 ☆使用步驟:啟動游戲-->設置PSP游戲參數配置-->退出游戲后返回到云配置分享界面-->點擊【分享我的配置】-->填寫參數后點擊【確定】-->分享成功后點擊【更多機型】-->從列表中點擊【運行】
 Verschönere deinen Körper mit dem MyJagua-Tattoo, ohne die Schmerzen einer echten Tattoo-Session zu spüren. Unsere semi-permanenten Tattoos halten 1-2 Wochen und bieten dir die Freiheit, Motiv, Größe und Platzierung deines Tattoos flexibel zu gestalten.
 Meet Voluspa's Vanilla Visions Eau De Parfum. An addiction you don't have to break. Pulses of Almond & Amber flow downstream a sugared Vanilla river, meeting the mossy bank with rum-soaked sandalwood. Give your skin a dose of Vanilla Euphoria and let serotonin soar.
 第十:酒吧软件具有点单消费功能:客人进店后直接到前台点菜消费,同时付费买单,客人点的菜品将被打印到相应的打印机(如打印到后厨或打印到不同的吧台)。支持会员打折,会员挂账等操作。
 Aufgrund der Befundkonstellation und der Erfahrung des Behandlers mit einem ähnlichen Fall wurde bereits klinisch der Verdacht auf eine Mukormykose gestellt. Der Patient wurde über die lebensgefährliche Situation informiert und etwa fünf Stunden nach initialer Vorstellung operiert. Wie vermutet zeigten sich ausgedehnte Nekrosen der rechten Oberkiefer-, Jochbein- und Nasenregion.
^^^^^^^^^^^^^^^^
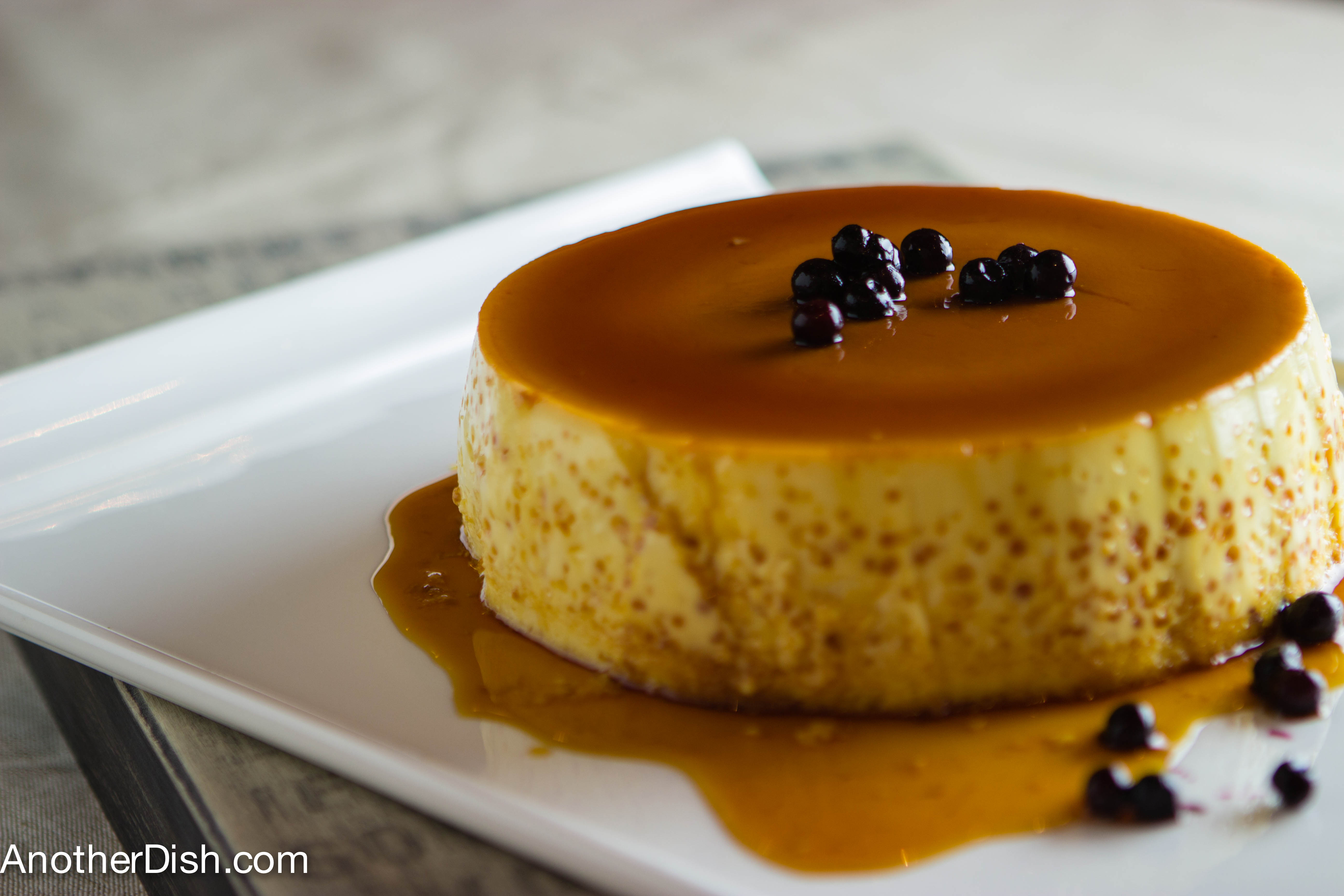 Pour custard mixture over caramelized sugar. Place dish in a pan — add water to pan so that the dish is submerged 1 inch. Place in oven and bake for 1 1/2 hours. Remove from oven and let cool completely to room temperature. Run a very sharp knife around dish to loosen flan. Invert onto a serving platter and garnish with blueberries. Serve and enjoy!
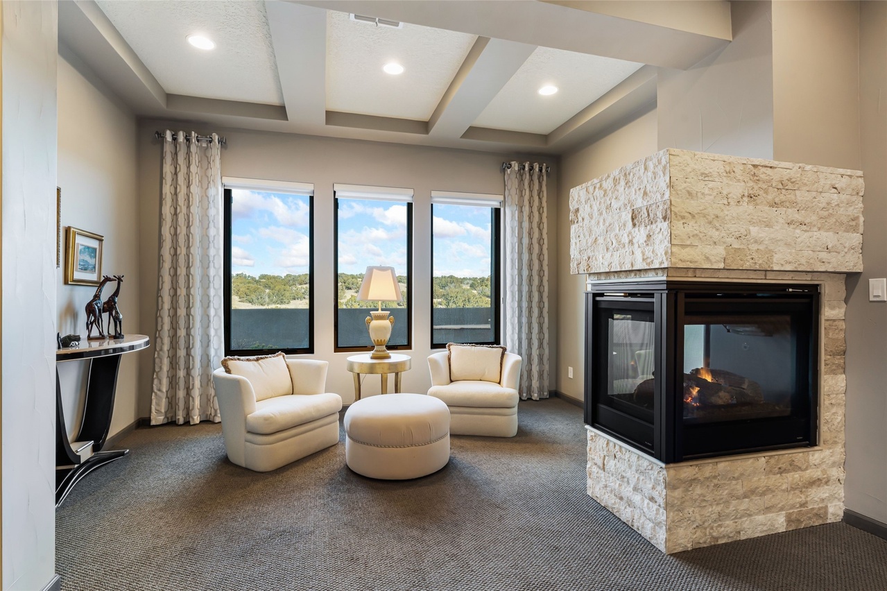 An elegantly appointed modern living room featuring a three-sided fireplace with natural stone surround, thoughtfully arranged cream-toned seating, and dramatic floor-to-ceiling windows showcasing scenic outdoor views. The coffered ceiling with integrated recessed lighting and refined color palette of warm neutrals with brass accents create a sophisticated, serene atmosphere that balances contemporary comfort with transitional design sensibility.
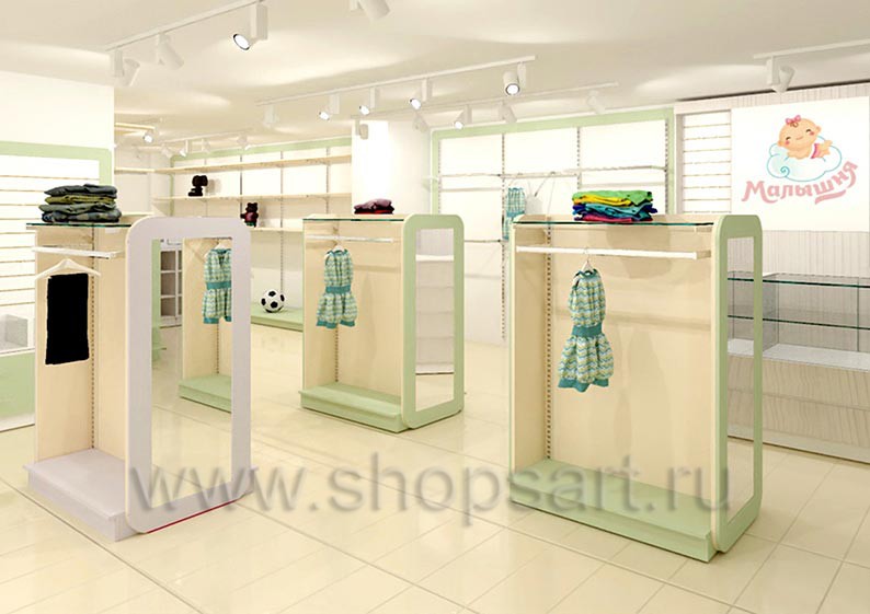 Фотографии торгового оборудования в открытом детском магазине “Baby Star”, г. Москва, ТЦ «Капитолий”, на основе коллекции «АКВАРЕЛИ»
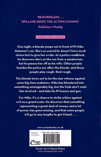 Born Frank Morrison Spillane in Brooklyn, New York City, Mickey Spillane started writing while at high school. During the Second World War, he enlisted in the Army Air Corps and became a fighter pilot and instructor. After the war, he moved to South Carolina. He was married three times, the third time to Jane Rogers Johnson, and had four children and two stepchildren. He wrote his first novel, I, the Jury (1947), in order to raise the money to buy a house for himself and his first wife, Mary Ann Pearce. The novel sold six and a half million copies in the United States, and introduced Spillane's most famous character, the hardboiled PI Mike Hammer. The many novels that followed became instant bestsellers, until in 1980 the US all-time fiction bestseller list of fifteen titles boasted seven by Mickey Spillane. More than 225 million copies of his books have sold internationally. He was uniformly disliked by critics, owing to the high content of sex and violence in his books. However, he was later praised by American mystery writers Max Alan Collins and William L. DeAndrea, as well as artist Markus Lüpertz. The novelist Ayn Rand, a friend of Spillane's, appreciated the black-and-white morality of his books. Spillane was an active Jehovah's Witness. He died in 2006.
^^^^^^^^^^^^^^^^
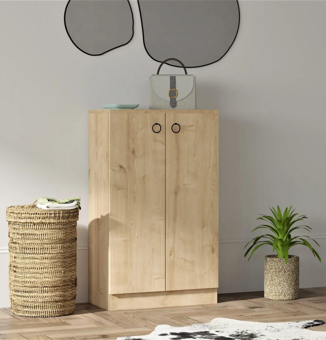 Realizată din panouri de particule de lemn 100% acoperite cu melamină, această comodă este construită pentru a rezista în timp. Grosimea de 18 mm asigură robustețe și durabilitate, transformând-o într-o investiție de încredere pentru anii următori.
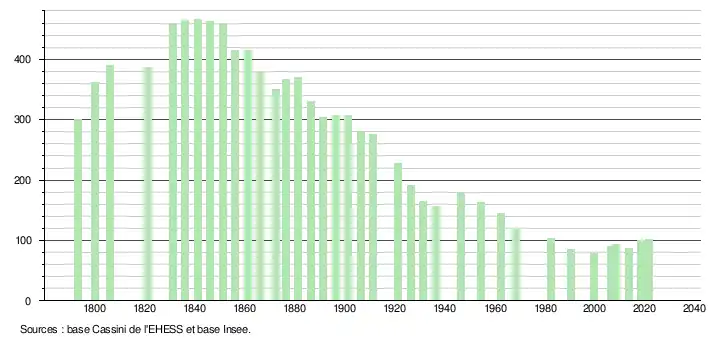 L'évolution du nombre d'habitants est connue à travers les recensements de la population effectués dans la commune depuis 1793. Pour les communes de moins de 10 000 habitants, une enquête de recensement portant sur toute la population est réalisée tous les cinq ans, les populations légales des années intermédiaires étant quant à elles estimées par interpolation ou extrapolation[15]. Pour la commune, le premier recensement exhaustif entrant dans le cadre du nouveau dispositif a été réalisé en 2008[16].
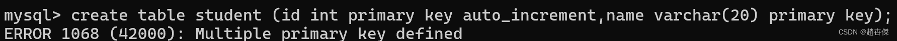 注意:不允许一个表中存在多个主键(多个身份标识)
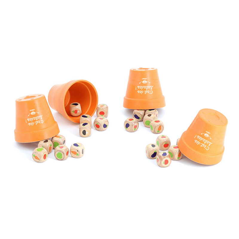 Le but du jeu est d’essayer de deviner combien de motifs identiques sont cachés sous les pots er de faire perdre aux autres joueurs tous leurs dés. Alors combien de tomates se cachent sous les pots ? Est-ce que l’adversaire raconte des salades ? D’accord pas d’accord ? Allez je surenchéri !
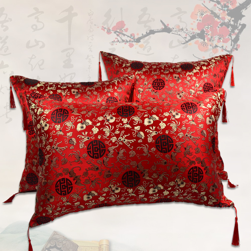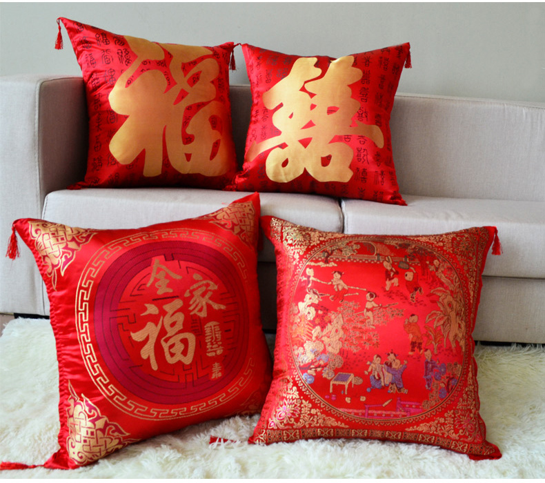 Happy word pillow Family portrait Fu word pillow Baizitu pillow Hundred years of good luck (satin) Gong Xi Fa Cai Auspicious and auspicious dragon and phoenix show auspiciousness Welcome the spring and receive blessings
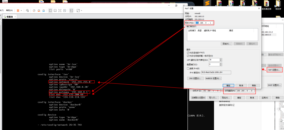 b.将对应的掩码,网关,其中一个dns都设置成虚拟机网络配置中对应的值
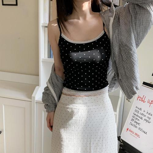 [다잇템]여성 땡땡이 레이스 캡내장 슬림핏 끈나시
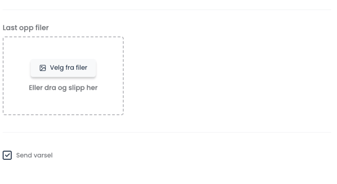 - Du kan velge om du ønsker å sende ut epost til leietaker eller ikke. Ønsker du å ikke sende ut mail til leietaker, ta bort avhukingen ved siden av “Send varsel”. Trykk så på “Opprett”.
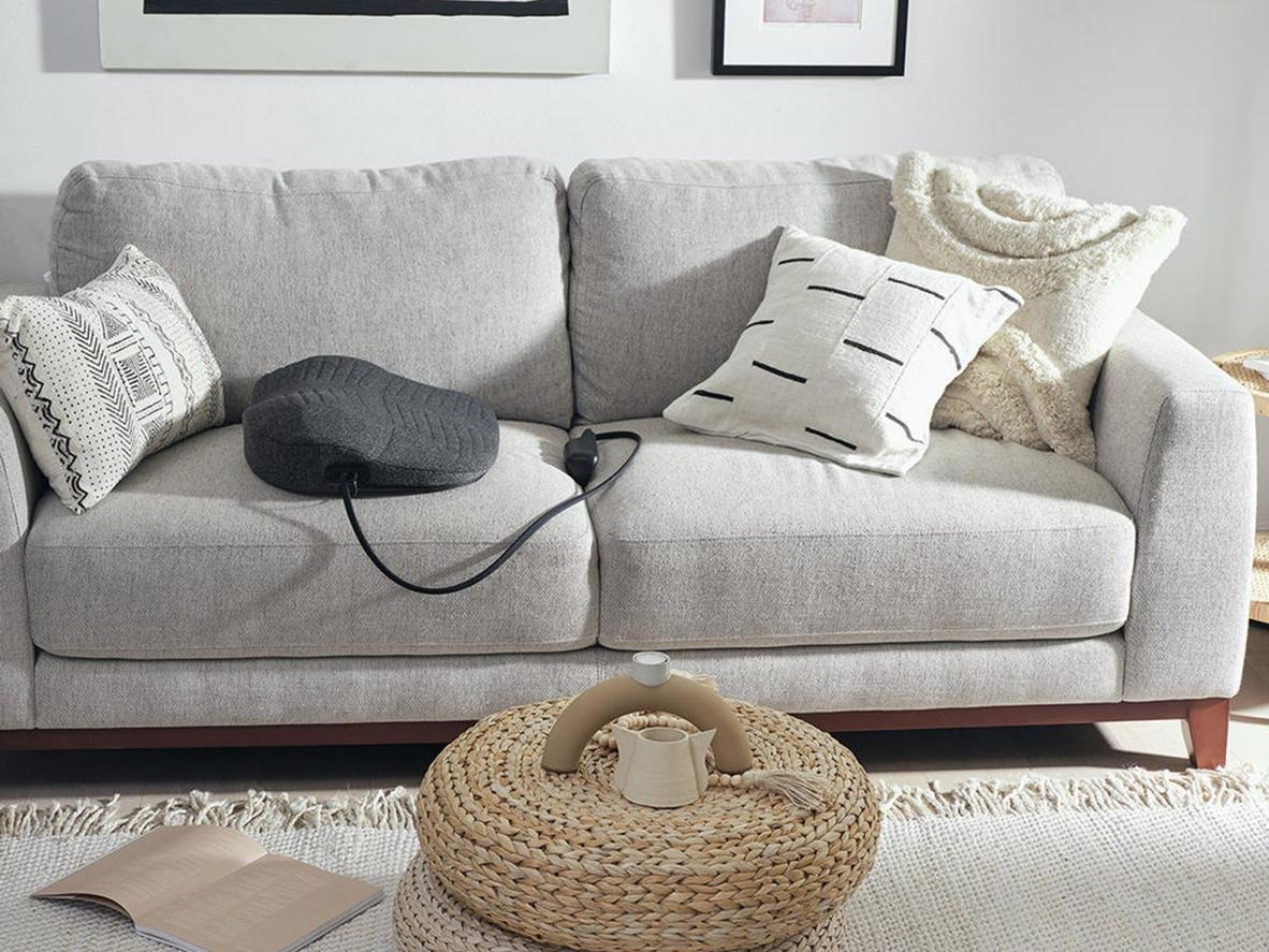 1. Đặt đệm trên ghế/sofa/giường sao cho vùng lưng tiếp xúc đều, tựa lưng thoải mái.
^^^^^^^^^^^^^^^^
Output exactly those lines of the data above that run from the line with "注意:不允许一个表中存在多个主键(多个身份标识)" up to and including the line with "Le but du jeu". No pictures go in.

**Output of the exercise:**
 注意:不允许一个表中存在多个主键(多个身份标识)
 Le but du jeu est d’essayer de deviner combien de motifs identiques sont cachés sous les pots er de faire perdre aux autres joueurs tous leurs dés. Alors combien de tomates se cachent sous les pots ? Est-ce que l’adversaire raconte des salades ? D’accord pas d’accord ? Allez je surenchéri !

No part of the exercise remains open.